Top of Dataset excerpt

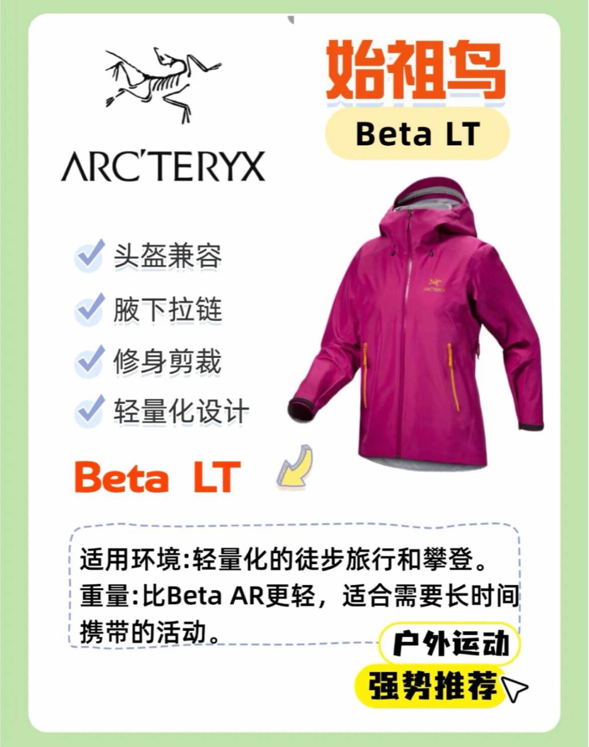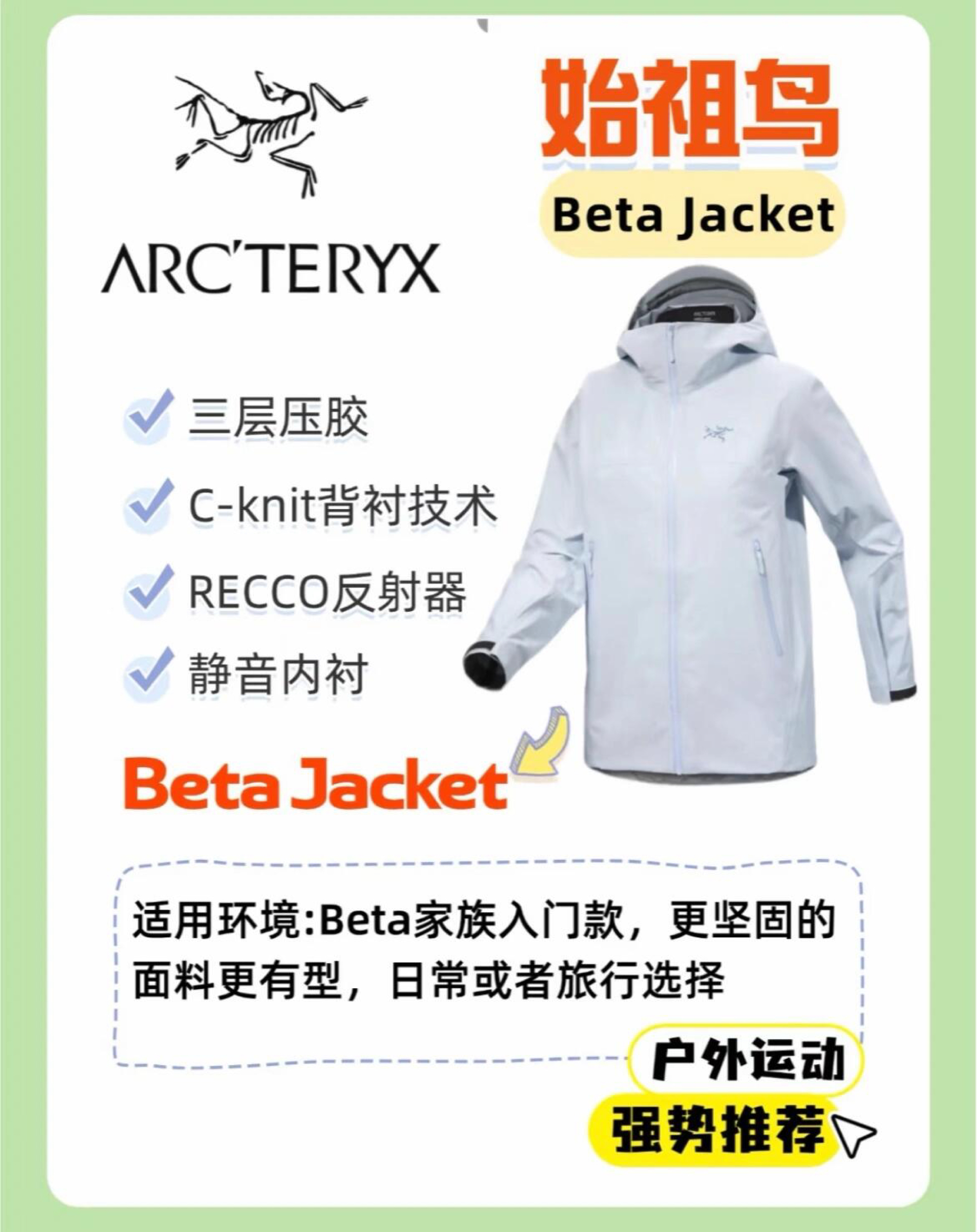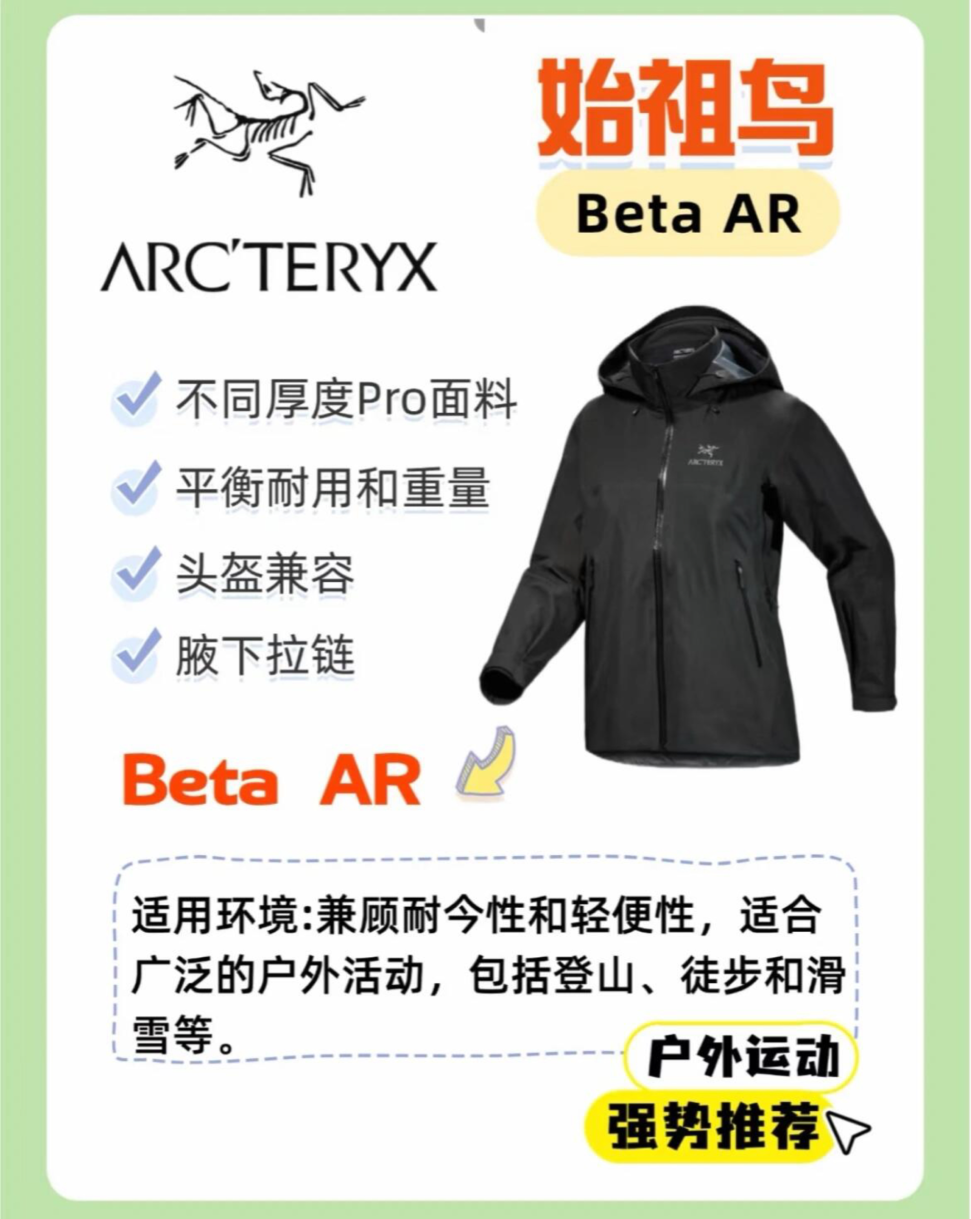 Beta AR:全能王者,一步到位选它! Beta LT:经典户外款 Beta Jacket:日常通勤+轻户外性价比之王! Beta SL:2024升级款,超轻量滑雪/徒步首选! 1⃣ Beta AR|硬核玩家的全能盔甲面料:GORE-TEX Pro 2.0,大身40D+肩肘80D耐磨加固,抗撕裂+抗摩擦满分!设计:连体风帽兼容头盔,腋下拉链透气,RECCO雪崩救援系统适合:登山、滑雪、恶劣天气徒...
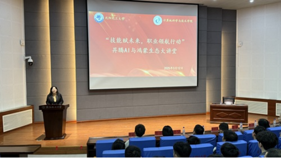为助力学生把握人工智能与操作系统领域的前沿趋势,帮助学生消除信息差, 明确职业方向,提升职业竞争力,Beat365中文官方网站教务处、Beat365中文官方网站联合沈阳人工智能计算中心于2025年3月12日下午在碧帆楼304举办“技术赋能未来,职业领航行动”昇腾AI与鸿蒙生态大讲堂。教辅党总支书记林艳新、Beat365中文官方网站院长王军、副院长张波、党委副书记张丽以及沈阳人工智能中心生态总监姜昊、CTO董文博、鸿蒙生态中心主管孙惠参加,活动由Beat365中文官方网站辅导员张英和易柏言主持。
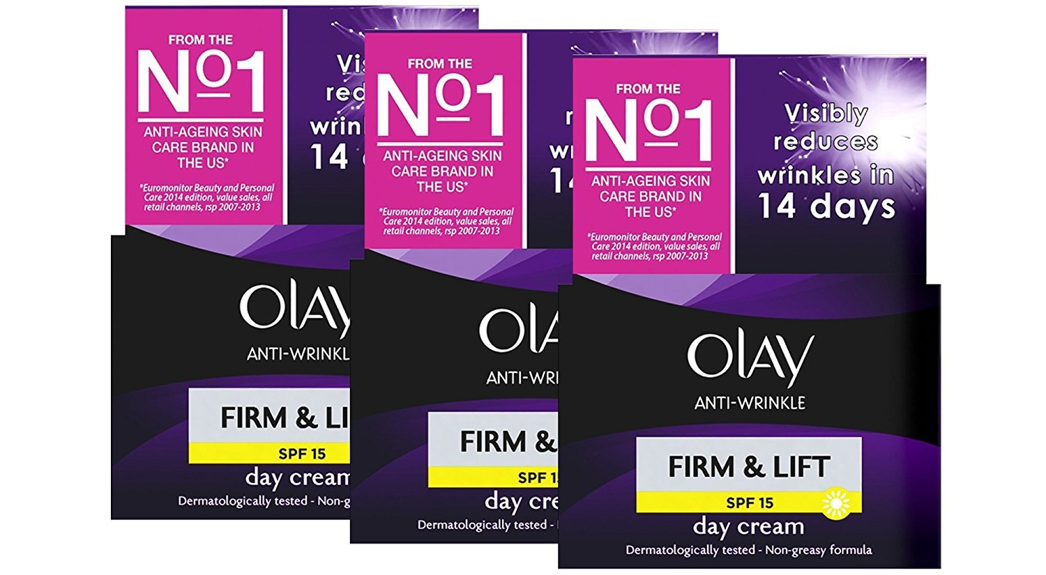 Olay anti-wrinkle firm and lift visibly reduces the signs of aging Anti-aging daily moisturizer with SPF15 and skin renewal complex which activates surface cell renewal to reveal younger looking skin More radiant glowing skin and dermatologically tested, non-greasy formula. Helps reduce the appearance of fine lines Ideal for women aged 40Pack of 3. More radiant, dermatologically tested, non-greasy formula. Ideal for women aged 40 and over. Effectively reduces signs of aging. Firmer appearance. Daily anti-aging moisturizer with SPF15 and Skin Renewal Complex that activates surface cell renewal to reveal younger-looking skin. Olay anti-wrinkle firm and lift visibly reduces the signs of ageing Anti-ageing daily moisturiser with SPF15 and skin renewal complex which activates surface cell renewal to reveal younger looking skin More radiant glowing skin and dermatologically tested, non-greasy formula. Helps reduce the appearance of fine lines Ideal for women aged 40Lot de 3. x2022 peau plus éclatante et testée dermatologiquement, formule non grasse. Idéal pour les femmes à partir de 40 ans. Réduit iblement les signes du illissement. Apparence plus ferme. Crème hydratante anti-âge à usage quotidien avec SPF15 et renouvellement complexe de la peau qui active la surface du renouvellement cellulaire pour révéler une peau plus jeune.

Bottom of Dataset excerpt

**Directions:** Apart from the pictures, every line of the data above should be given again exactly.

**Solution for this problem:**
 Beta AR:全能王者,一步到位选它! Beta LT:经典户外款 Beta Jacket:日常通勤+轻户外性价比之王! Beta SL:2024升级款,超轻量滑雪/徒步首选! 1⃣ Beta AR|硬核玩家的全能盔甲面料:GORE-TEX Pro 2.0,大身40D+肩肘80D耐磨加固,抗撕裂+抗摩擦满分!设计:连体风帽兼容头盔,腋下拉链透气,RECCO雪崩救援系统适合:登山、滑雪、恶劣天气徒...
为助力学生把握人工智能与操作系统领域的前沿趋势,帮助学生消除信息差, 明确职业方向,提升职业竞争力,Beat365中文官方网站教务处、Beat365中文官方网站联合沈阳人工智能计算中心于2025年3月12日下午在碧帆楼304举办“技术赋能未来,职业领航行动”昇腾AI与鸿蒙生态大讲堂。教辅党总支书记林艳新、Beat365中文官方网站院长王军、副院长张波、党委副书记张丽以及沈阳人工智能中心生态总监姜昊、CTO董文博、鸿蒙生态中心主管孙惠参加,活动由Beat365中文官方网站辅导员张英和易柏言主持。
 Olay anti-wrinkle firm and lift visibly reduces the signs of aging Anti-aging daily moisturizer with SPF15 and skin renewal complex which activates surface cell renewal to reveal younger looking skin More radiant glowing skin and dermatologically tested, non-greasy formula. Helps reduce the appearance of fine lines Ideal for women aged 40Pack of 3. More radiant, dermatologically tested, non-greasy formula. Ideal for women aged 40 and over. Effectively reduces signs of aging. Firmer appearance. Daily anti-aging moisturizer with SPF15 and Skin Renewal Complex that activates surface cell renewal to reveal younger-looking skin. Olay anti-wrinkle firm and lift visibly reduces the signs of ageing Anti-ageing daily moisturiser with SPF15 and skin renewal complex which activates surface cell renewal to reveal younger looking skin More radiant glowing skin and dermatologically tested, non-greasy formula. Helps reduce the appearance of fine lines Ideal for women aged 40Lot de 3. x2022 peau plus éclatante et testée dermatologiquement, formule non grasse. Idéal pour les femmes à partir de 40 ans. Réduit iblement les signes du illissement. Apparence plus ferme. Crème hydratante anti-âge à usage quotidien avec SPF15 et renouvellement complexe de la peau qui active la surface du renouvellement cellulaire pour révéler une peau plus jeune.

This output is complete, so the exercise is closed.